Officials Evaluating Use Of Fewer Arenas For NCAA Tourney Due To Coronavirus
Mar 8, 2020, 4:31 PM | Updated: 4:47 pm
(Photo by Kevin C. Cox/Getty Images)
SALT LAKE CITY, Utah – NCAA officials discussed and continue to look at the possibility of using fewer venues for the upcoming college basketball tournaments amid the coronavirus outbreak, according to the New York Times.
Multiple options for the NCAA men’s and women’s basketball tournaments are currently being looked at. One option NCAA executives are weighing is narrowing the number of venues for tourney games.
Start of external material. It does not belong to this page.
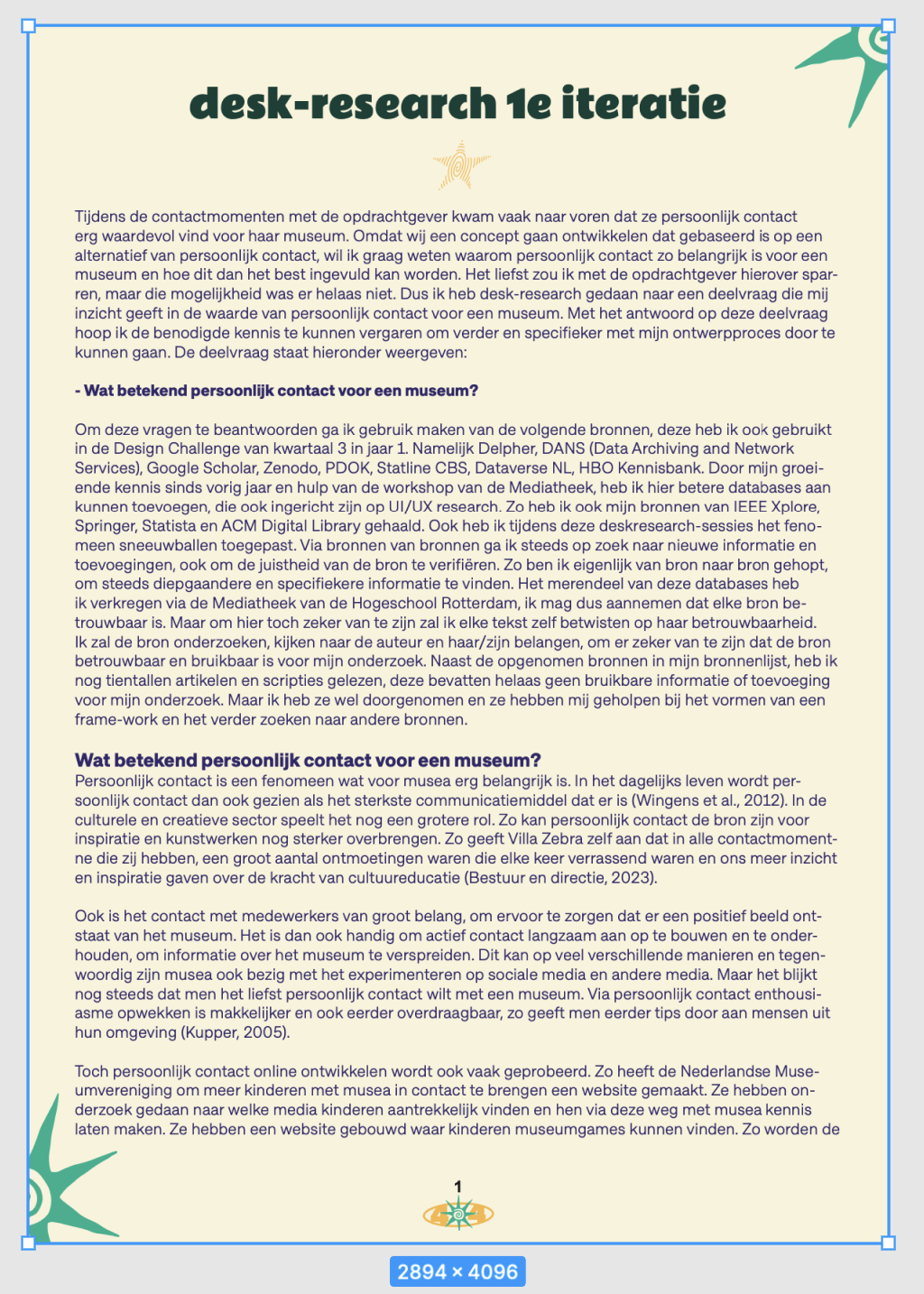 Tijdens dit project heb ik verschillende deliverables opgesteld en leren kennen. Zo heb ik elke presentatie opgemaakt en een onderzoeksposter ontworpen. Ook heb ik expo-posters gemaakt, desk-research gedaan en testrapportages opgesteld. Al ons onderzoek heb ik verwerkt in een onderzoeksrapportage.

Another option they are considering is “holding games without spectators and proceeding normally but with enhanced efforts to promote public health, such as hand sanitizer stations.”
“We’re playing out every possible scenario, ranging from ‘OK, we’re full-go’ to modified-go to ‘Are we playing a game and we’re certain that everyone in the arena is clean and there won’t be any public?'” Brian Hainline, the NCAA’s chief medical officer, said on March 7.
“At this time, we are definitively planning on running the tournament at all 14 sites with fans, from the First Four in Dayton through the Final Four in Atlanta.”
Sr. Vice President of NCAA Basketball Dan Gavitt discusses the NCAA’s plans in regards to the coronavirus. pic.twitter.com/17h6j9QvGM
— CBS Sports (@CBSSports) March 8, 2020
Hainline added that it’s “hard to imagine” the tournaments being canceled with a couple of weeks until the first game tips off. He also told the Wall Street Journal that playing games without fans in attendance would be “very unlikely.”
Currently, the men’s tournament is scheduled to have games in 14 cities across the United States. The women’s tournament takes place in 8 cities.
Hainline said limited the tournament venues would be “a difficult option to carry out.”
No fans allowed inside Goldfarb Gym at Johns Hopkins where the NCAA DIII basketball tournament is being held because of coronavirus concerns. pic.twitter.com/BOlORCVn2A
— Stetson Miller (@stetsonmreports) March 7, 2020
With the number of cases of coronavirus disease or COVID-19 rising in recent weeks, the NCAA will almost certainly face pressure to make adjustments to the tournaments.
“It’s a judgment call at the end of the day,” said former U.S. surgeon general Vivek H. Murthy. “There is no tried and true protocol here for how to handle this kind of outbreak with COVID-19.”
Sporting events throughout the globe, including a basketball game in Utah, have already been affected by coronavirus.
The men’s tournament is scheduled to begin in Dayton, Ohio on March 17. The women’s tournament will start a few days later on March 20.